Governor signs school funding bill
By Matt Pelkey
Governor Kaine last week signed into law one of the two school funding bills that could bring more state funds to Rappahannock schools.
The House bill, H.B. 936, sponsored by Rappahannock delegate Todd Gilbert, will make Rappahannock eligible to pursue additional state education funding through a cost-sharing agreement with an adjacent county.
Governor Kaine has not yet signed the identical Senate bill sponsored by Rappahannock senator Mark Obenshain.
If Rappahannock enters into a cost-sharing agreement, the schools could receive up to about $250,000 annually beginning in July of 2010.
The General Assembly would have to approve any additional state money that the schools might receive.
Rappahannock Superintendent Dr.
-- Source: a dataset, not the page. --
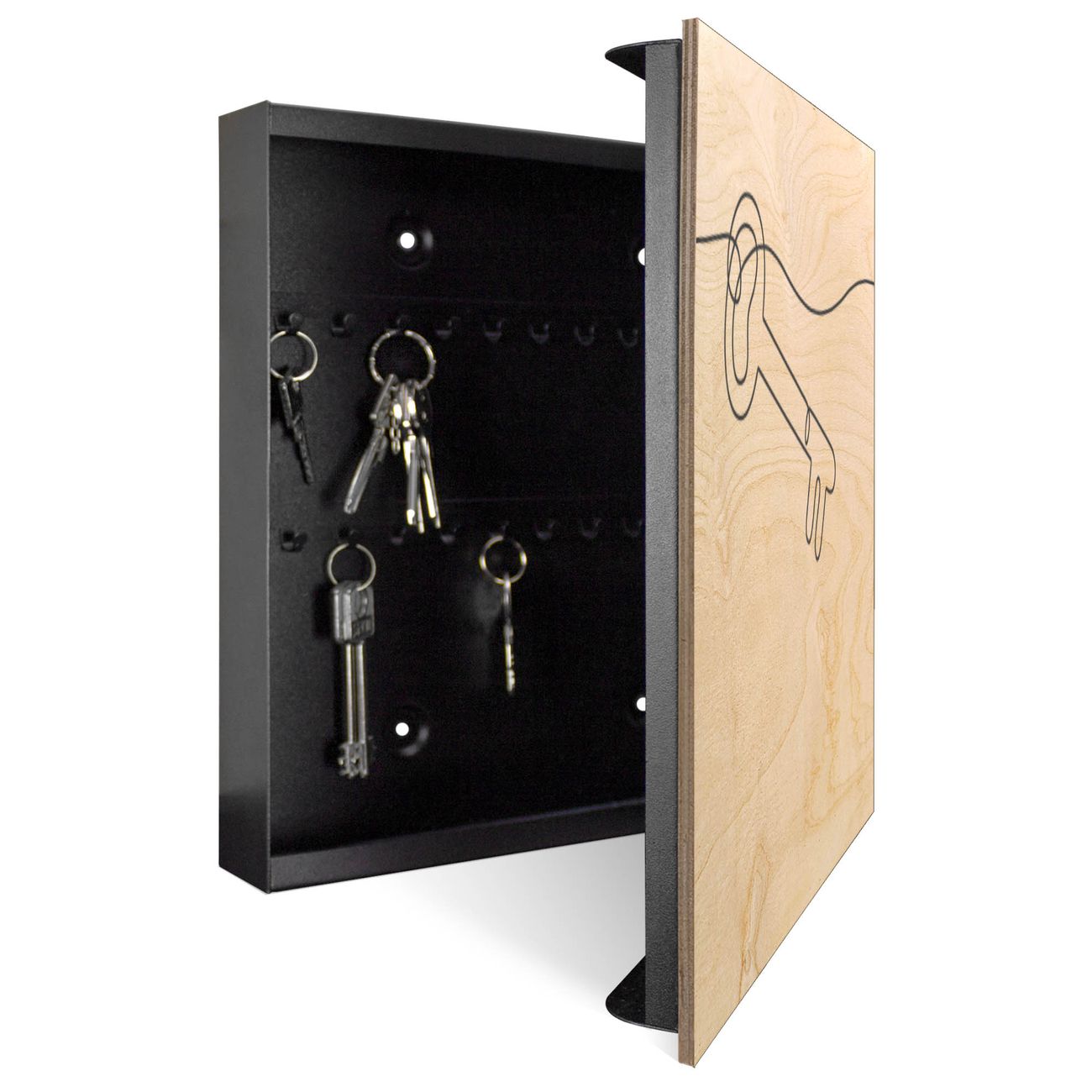 Schlüsselkasten mit Holzfront - Design Schlüsselbox Motiv Hausherr Schlüssel 2

Robert Chappell said the additional money would help.
"I know that people have characterized $250,000 as a drop in a bucket, but it sounds like a lot of money to me," he said.
School and county officials had hoped to receive about $1.5 million from the bill, but to make it more viable in a tight-fisted fiscal year, Del. Gilbert reduced the amount that it could bring Rappahannock.
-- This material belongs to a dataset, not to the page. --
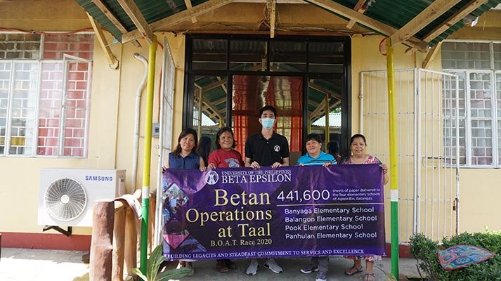 Last September 8 and 9, 2020, the UP Beta Epsilon Fraternity provided a total of 441,600 sheets (920 reams) of paper to four elementary schools in Agoncillo, Batangas. Through the leadership of Brother Alex Ibasco BE’78 and volunteerism of resident Brother Andrei Esteban BE’19, the papers were distributed to Banyaga Elementary School, Balangon Elementary School, Panhulan Elementary School, Panhulan Elementary School, and Pook Elementary School. These materials were mainly used in printing supplementary modules that were used by the students during their remote learning.

$250,000 would be less than two percent of an education budget that Rappahannock County Administrator John McCarthy said could rise to $14 million in fiscal year 2011, the first year the additional state money would be available.
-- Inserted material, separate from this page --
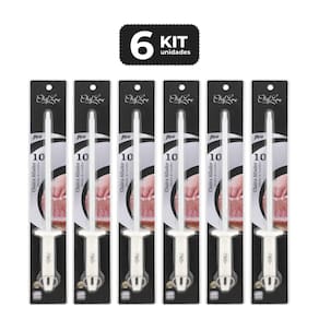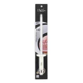 A chaira de 10 polegadas é produzida em aço carbono de alta qualidade, garantindo resistência e durabilidade. Possui cabo ergonômico em polipropileno, com acabamento em resina termoplástica injetada diretamente sobre o aço inox, proporcionando firmeza, higiene e maior vida útil. Conta ainda com furo passante que facilita o armazenamento, podendo ser pendurada com praticidade.

Chappell said the funding bill succeeded because of the work of supportive members of the General Assembly, county and school officials, and Rappahannock residents, who wrote more than 500 letters to assembly members.
He said that in January he was not sure if the bill would make it, but then momentum started to build.
"It was just a team effort, he said. "Everybody played a role."
Chappell said he has already had in-person meetings with two adjacent counties to discuss cost-sharing agreements. He did not say which counties he had spoken to.